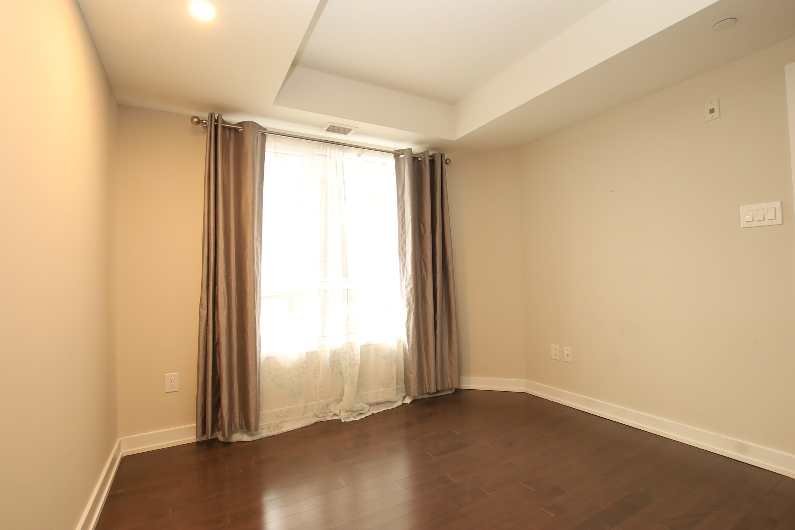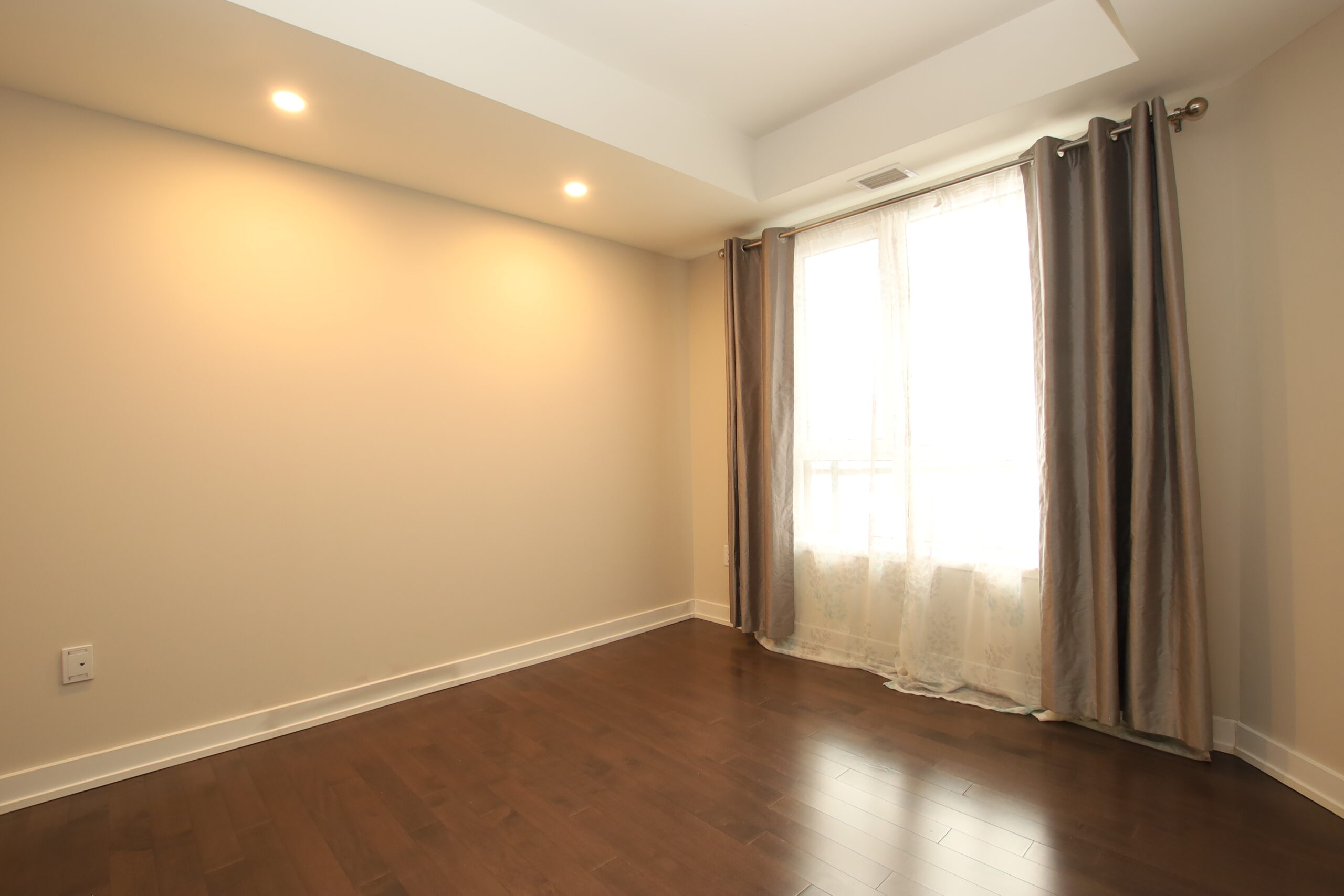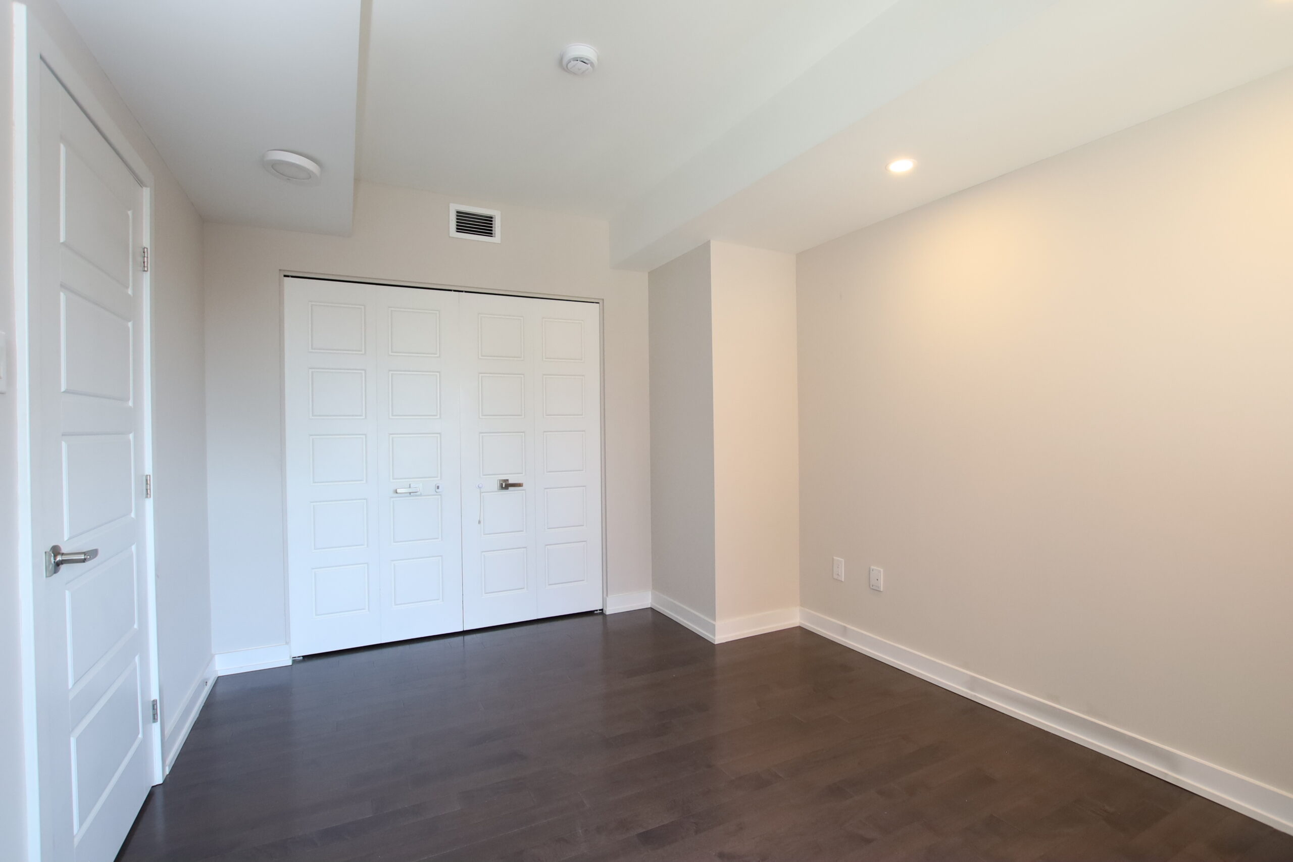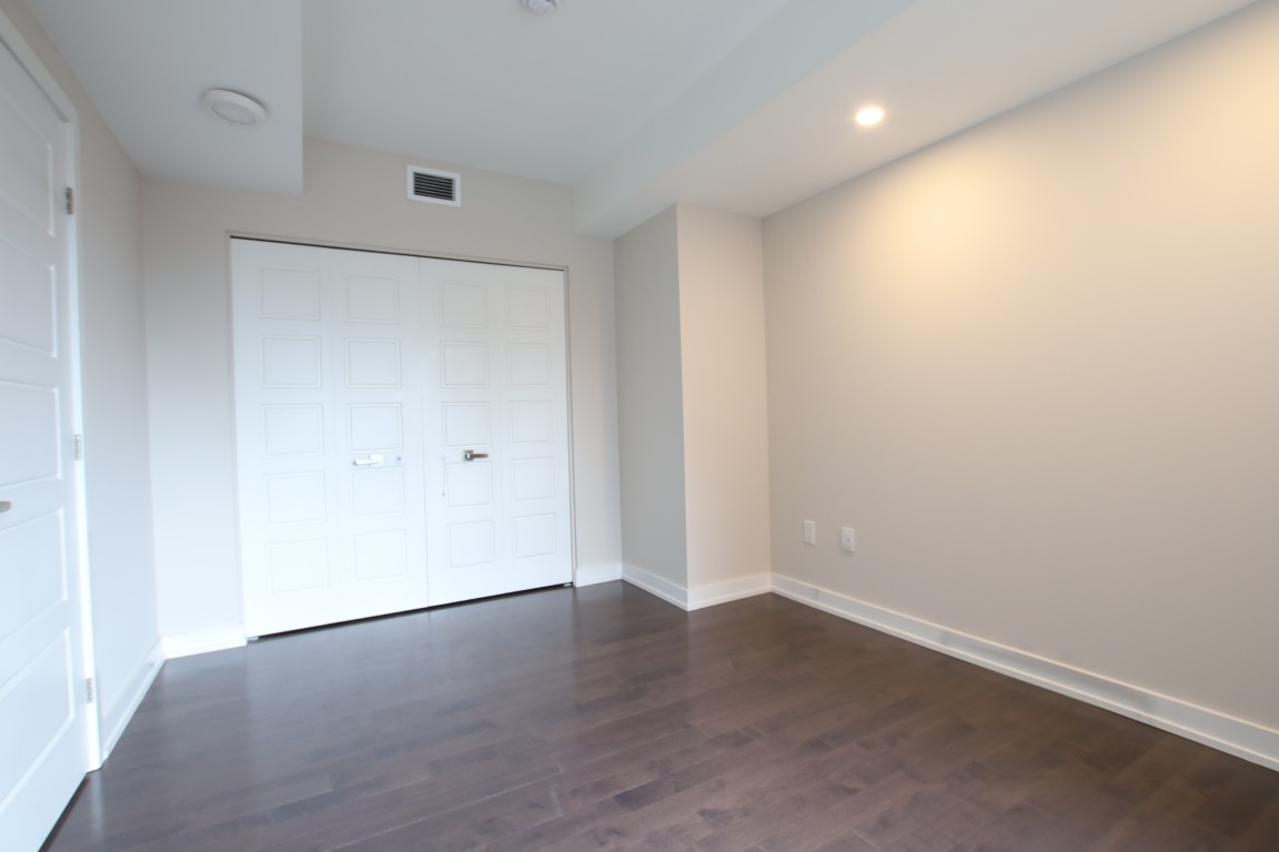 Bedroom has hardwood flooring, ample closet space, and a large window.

--

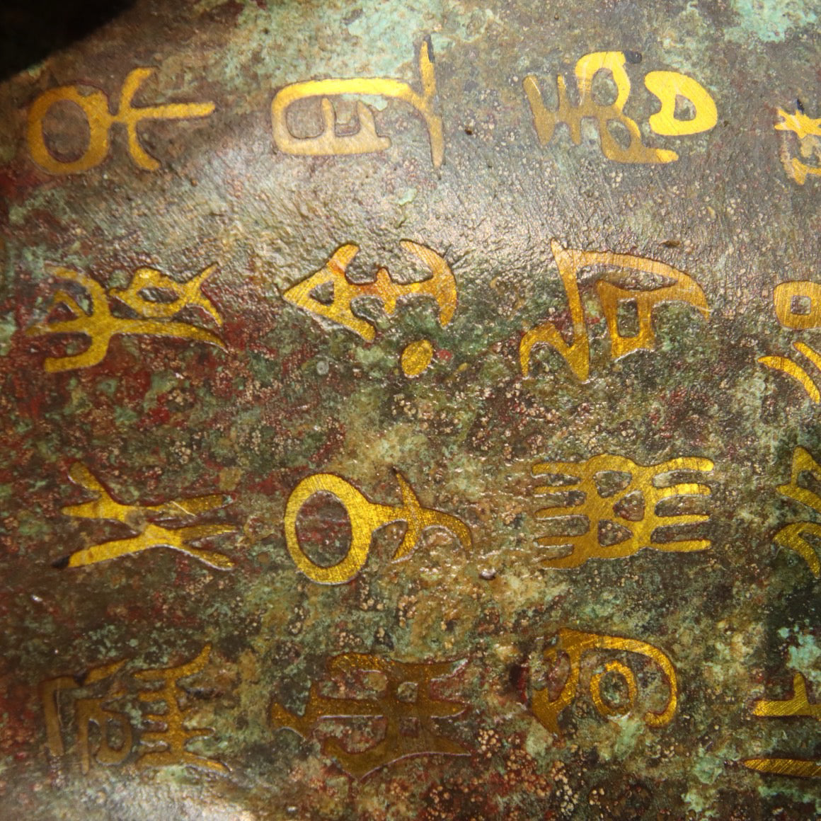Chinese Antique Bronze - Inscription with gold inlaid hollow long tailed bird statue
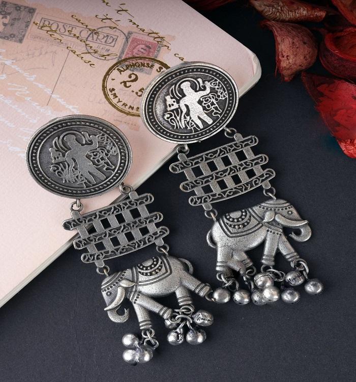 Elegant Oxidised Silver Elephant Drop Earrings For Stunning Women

**EXERCISE BRIEF:** Would you transcribe the lines above exactly, going from the line bearing "Chinese Antique Bronze" through the line bearing "Elegant Oxidised Silver", and drop the pictures from the copy?

**COMPLETED EXERCISE:**
Chinese Antique Bronze - Inscription with gold inlaid hollow long tailed bird statue
 Elegant Oxidised Silver Elephant Drop Earrings For Stunning Women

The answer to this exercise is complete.